Refah and Fazilet Parties
During the 1990s Refah was the fastest-growing political party in Turkey; when it was closed down in 1998, the Fazilet party took its place. In 1983 the Refah (Welfare) party was founded and headed by the leader of political Islam in Turkey, Necmettin Erbakan (b. 1926). It replaced the National Salvation party, which, after serving in different coalition governments during the 1970s, was closed down in 1980 by the military regime that suspended parliamentary politics. Starting with a 4.4 percent vote in 1984, Refah steadily increased its showing and multiplied its vote nearly five times in twelve years. Refah alarmed the secular establishment of Turkey by achieving a big leap of popularity, first in the municipal elections of 1994, with 19 percent of all votes nationwide and the mayors' seats in both Istanbul and Ankara (the two largest cities in the country), and then in the general elections of 1995, when it won a plurality with 21.4 percent of the national vote.
Refah briefly led a coalition government (June 1996–July 1997) with the right-wing True Path party before military pressure forced it out of power. In early 1998 the Constitutional Court closed down Refah for violating the principle of secularism and banned its leader, Erbakan, from politics for five years. Refah was immediately replaced by the Fazilet (Virtue) party, which inherited Refah's political cadres and parliamentary seats but was more circumspect and eager to distance itself from Refah's legacy. Fazilet, too, was closed down by the Constitutional Court in June 2001, leading to the split of the movement into two separate political parties.
Refah owed its ascendance to the crisis of mainstream politics in Turkey, and the party reflected the decline of the state ideology, Kemalism, which had directed the Turkish project of Westernization. Challenging the basic pro-Western orientation of this ideology and radically opposing the status quo, Refah's Islamist themes appealed to a wide range of disaffected social segments. Refah confounded the left-right division by leading a multiclass political movement that sought changes in lifestyle, culture, and ideology. The party cut through class divisions by uniting, around a common Islamic identity, elements from all classes who were marginalized in relation to the politics and ideology of the Kemalist state. Party members found in Refah an alternative identity around which to build networks of solidarity.
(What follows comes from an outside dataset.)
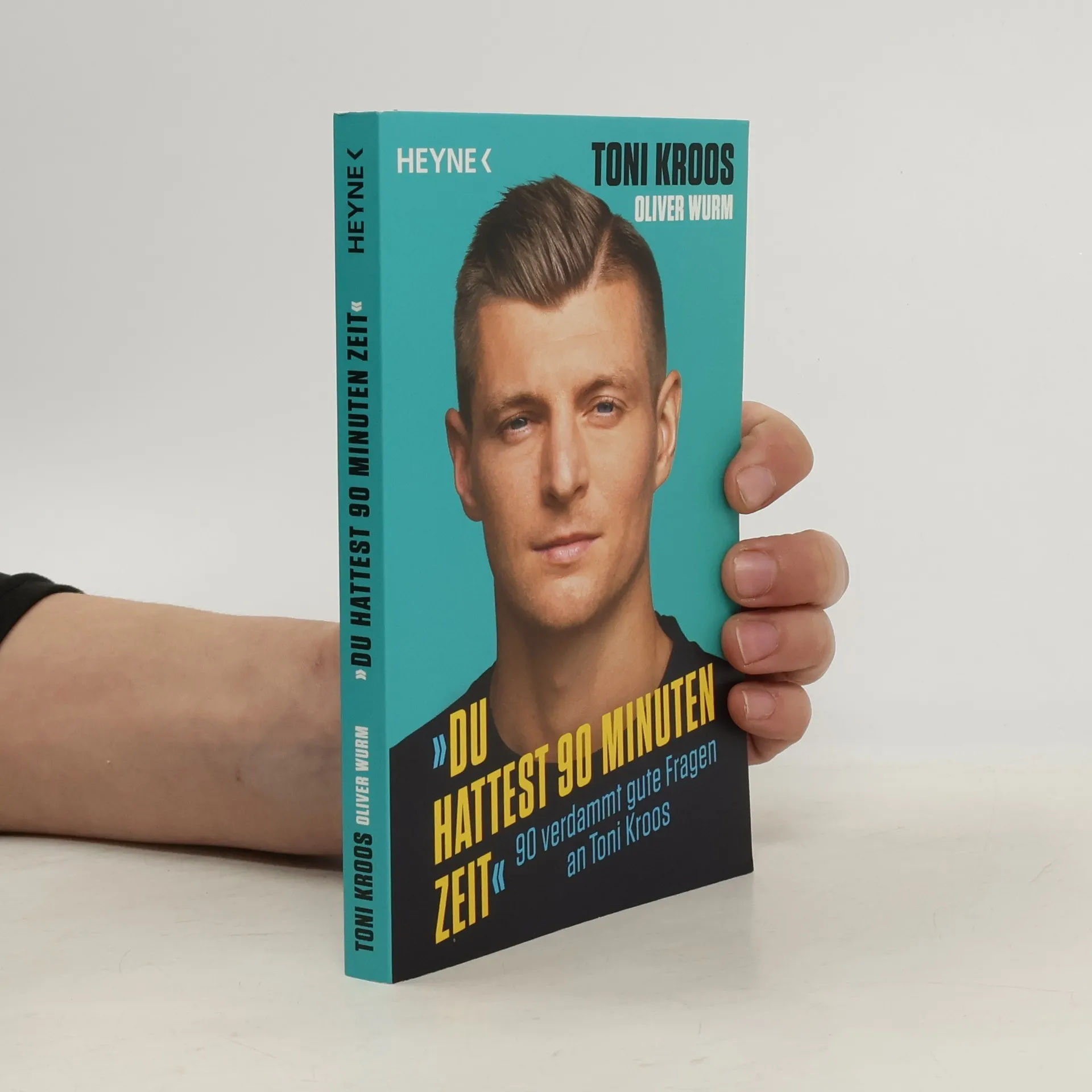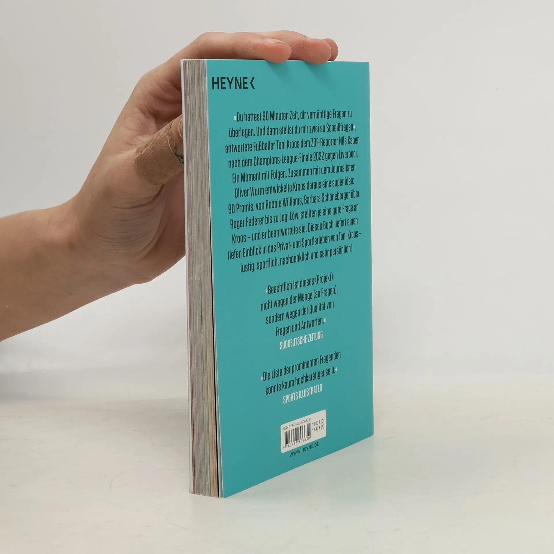 Kroos plaudert aus dem Nähkästchen »Du hattest 90 Minuten Zeit, dir vernünftige Fragen zu überlegen. Und dann stellst du mir zwei so Scheißfragen«, antwortete Fußballer Toni Kroos dem ZDF-Reporter Nils Kaben nach dem Champions-League-Finale 2022 gegen Liverpool. Ein Moment mit Folgen. Zusammen mit dem Journalisten Oliver Wurm entwickelte Kroos daraus eine super Idee: 90 Promis, von Robbie Williams, Barbara Schöneberger über Roger Federer bis zu Jogi Löw, stellten je eine gute Frage an Kroos – und er beantwortete sie. Dieses Buch liefert einen tiefen Einblick in das Privat- und Sportlerleben von Toni Kroos – lustig, sportlich, nachdenklich und sehr persönlich! Die etwas andere Fragerunde – Toni Kroos plaudert aus dem Nähkästchen 90 Fragen an Toni Kroos – gestellt von prominenten Persönlichkeiten wie Barbara Schöneberger, Jogi Löw, Judith Rakers, Robbie Williams Lustig, sportlich, nachdenklich, persönlich – Überraschende Einblicke in das Leben des Fußballstars Toni Kroos ist Deutschlands erfolgreichster Fußballer – mit über 36 Millionen Followern auf Instagram Ausstattung: durchg. 4c, Fotos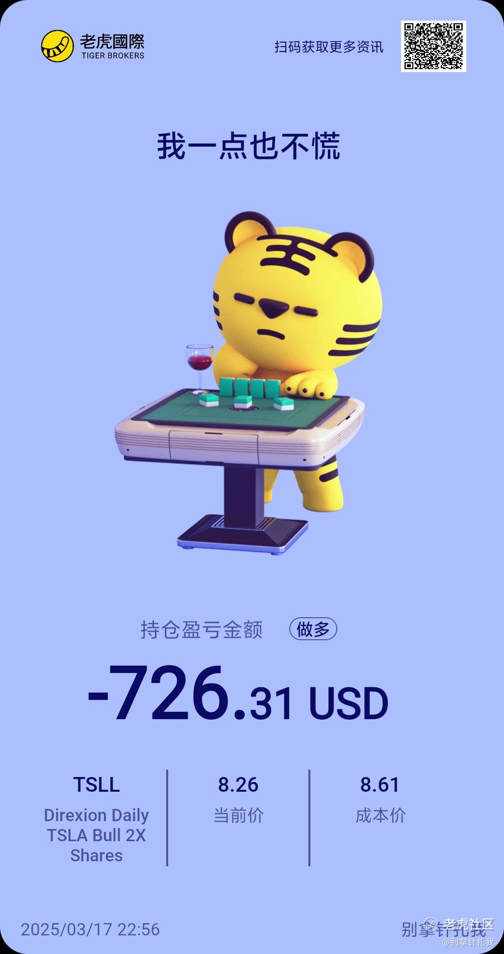 $Direxion Daily TSLA Bull 2X Shares(TSLL)$ 脑子选的做空,手残买了做多!!!

Turkish Islamism's social base was traditionally among the small-scale, provincial businesspeople. Refah expanded this base to win the support of both the impoverished working-class population in big cities, left unprotected by the now-defunct welfare state, and of upwardly mobile people seeking opportunities and acceptance. The latter included new and currently marginal, but rapidly growing, export-oriented sectors of the capitalist class and some ideologically marginal but highly vocal members of the young professional middle class, including students. Refah's political Islam, then, was not a traditionalist relic and did not originate from a backward-looking position.
Refah's closure caused political Islam to recast itself in Turkey. Fazilet, Refah's immediate successor, shed the radical elements of Refah's political ideology and claimed to be the champion of human rights and democracy. Yet both Refah and Fazilet shared the same exclusionary approach to political rights that were demanded for members and supporters but denied to the opposition and detractors. Neither Refah nor Fazilet were capable of developing an inclusive politics or a language for expanding political freedoms; instead both parties focused on capturing the institutions of state power through political ploys.
Further Reading
Gülalp, Haldun. (1999) "The Poverty of Democracy in Turkey: The Refah Party Episode." New Perspectives on Turkey 21: 35–59.
———. (2001) "Globalization and Political Islam: The Social Bases of Turkey's Welfare Party." International Journal of Middle East Studies 33, 3: 433–448.